I’ll never forget where I was on the morning of Tuesday, September 11th, 2001. I jumped in the car for my three minute drive to work just in time to hear Warren Korff’s Information Update on 106.1 KISS-FM, a radio station in Evansville, Indiana that I was running at the time. Warren and I got along quite well, and I’ve always had a huge amount of respect for what he does. Towards the end of his newscast he mentioned that a plane that had collided with the World Trade Center, but that was pretty much it. That particular news update was very preliminary, updated just minutes before the second plane hit. But as events progressed and we found out more about what was going on in New York City, that story would become of the most devastating news stories that Mr. Korff would ever report.
I got to the station and prepared myself for a meeting in the conference room. When I walked in the TV was on CNN and there were many more people there than were supposed to be in the meeting. Everyone was still carrying on conversations and speculating about what had happened. No one knew that we were under attack, and no was expecting what we saw next.
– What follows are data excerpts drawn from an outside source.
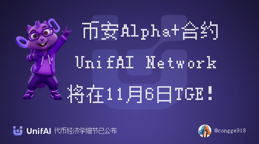 真没想到 @UnifaiNetwork 这么快就 TGE 了。 生态核心代币 $UAI 将在 11 月 6 日在币安 Alpha 和币安合约同时上线! 这个项目做的是的 AI Agent 平台,亮点是用户可以自定义自己的 Agent 策略,平台也会提供一些模板,灵活程度很高。 Agent 可以自动执行复制/创建的策略,功能还挺强大的。而推出 $UAI 代币也是为了推动生态的发展。 $UAI 不仅是支付媒介,也被设计为整个 UnifAI 网络的经济支柱,协调开发者、投资者和社区的长期利益。 了解下 UnifAI 的三层架构: ※ 应用层:由代理钱包、交易社区与自动化策略代理组成,$UAI 在此作为交易、结算和收益分配的媒介。 ※ 工具层:开放 SDK 及 TaaS/DaaS/AaaS 服务,$UAI 支撑开发者访问和调用 AI 工具。 ※ 基础设施层:AI 原生协议与跨链互操作系统,确保所有代理间的透明协作与价值流通。 $UAI 代币分配与归属: $UAI 总供应量为 10 亿枚,部署在 BSC 上,分配如下: - 协议开发:20% 支持核心技术与 AI 集成 - 基金会与国库:20.75% 维持治理与生态补助 - 团队与顾问:15% 奖励长期建设者 - 营销:18.57% 推动全球采用与品牌建设 - 生态与社区:13.33% 包含空投、开发者与合作激励 - 流动性:7% 保持市场稳定性 - 投资者:5.35% 战略合作伙伴与早期支持者 官方明确表示所有归属均分阶段释放,所以抛压应该不大,初始流通不多。 $UAI 的核心功能 ※ 服务访问:用于支付 AI 驱动的工具与策略服务。 ※ 治理:持币者可提案与投票,参与协议升级。 ※ 质押与声誉机制:质押 $UAI 可支持 AI 代理运行并获得收益。 ※收入分享:生态内交易与服务费用部分回馈贡献者。 $UAI 的赋能还是挺实用的,尤其是随着 UnifAI 平台的发展,对 $UAI 的需求会持续增加。 昨天分享了用 UnifAI 的 Agent 来实现自动交互 Polymarket 搏空投 ,挺有意思的,感兴趣可以体验下, 👇教程看这篇推文:https://t.co/W7QxIFc5Nj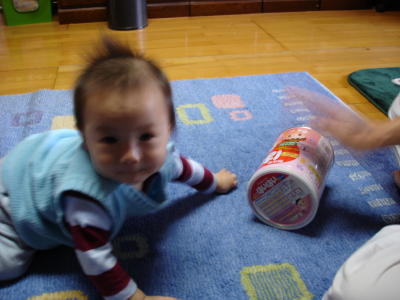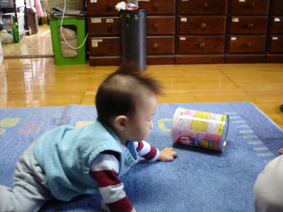 その1.使い切ったミルク缶にゴルフボールをいれてみた。1ついれると音をならしながら普通に動くけど、2ついれると動きが面白い。転がしては追っかけて遊んでいた〜。
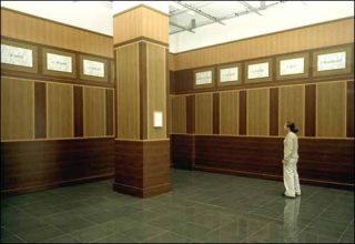 Le décor, façon école des beaux-arts du XIXe siècle, a été réalisé au moyen d’adhésif Vénilia faux bois et fausses plaques de marbre gravées aux noms des artistes ayant exposé dans cette salle avant qu’elle ne soit transférée puis refaite. Cet environnement n’est que la partie émergée d’un dispositif, l’essentiel pour moi est la convention que j’ai passée avec la faculté Panthéon Sorbonne et qui sera votée en conseil d’administration.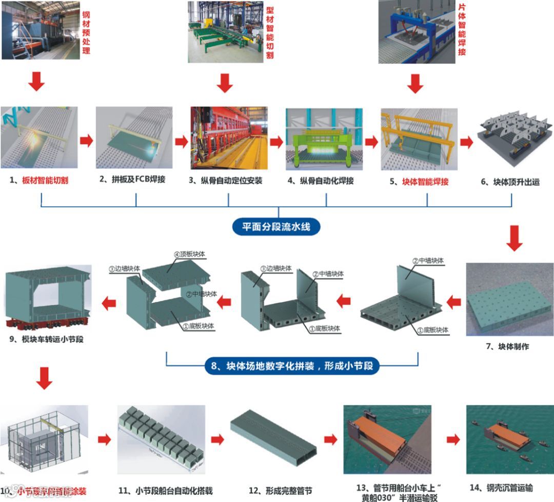 【打造“四线一系统”智能生产线实施钢壳沉管 数字化总组、智能化搭载】

The second explosion is just as heartbreaking for me to see now as it was fifteen years ago. As it hit there was nothing but silence in that conference room except for five words that ring in my ears to this day. With a look of horror, shock and utter disbelief on his face, the station’s Operations Manager said, “Our world just changed forever.”
My kids never lived in an America that didn’t have a Department of Homeland Security, in fact my wife didn’t realize that it was just recently created 15 years following the 9/11 attacks.
Yesterday, I spent the day watching documentaries about the attacks. Some were old, some were brand new, and some were updated. I learned more about the attacks from the documentaries… about the people on Flight 93, about the order to shoot down the hijacked planes, about the difference between policies and procedures before and after the attacks. As I started weeping out of the blue, it occurred to me as I asked my wife, “Will it ever get easier to relive this?” It may have been fifteen years ago, but it feels like yesterday.
Has reliving what happened on 9/11 gotten any easier?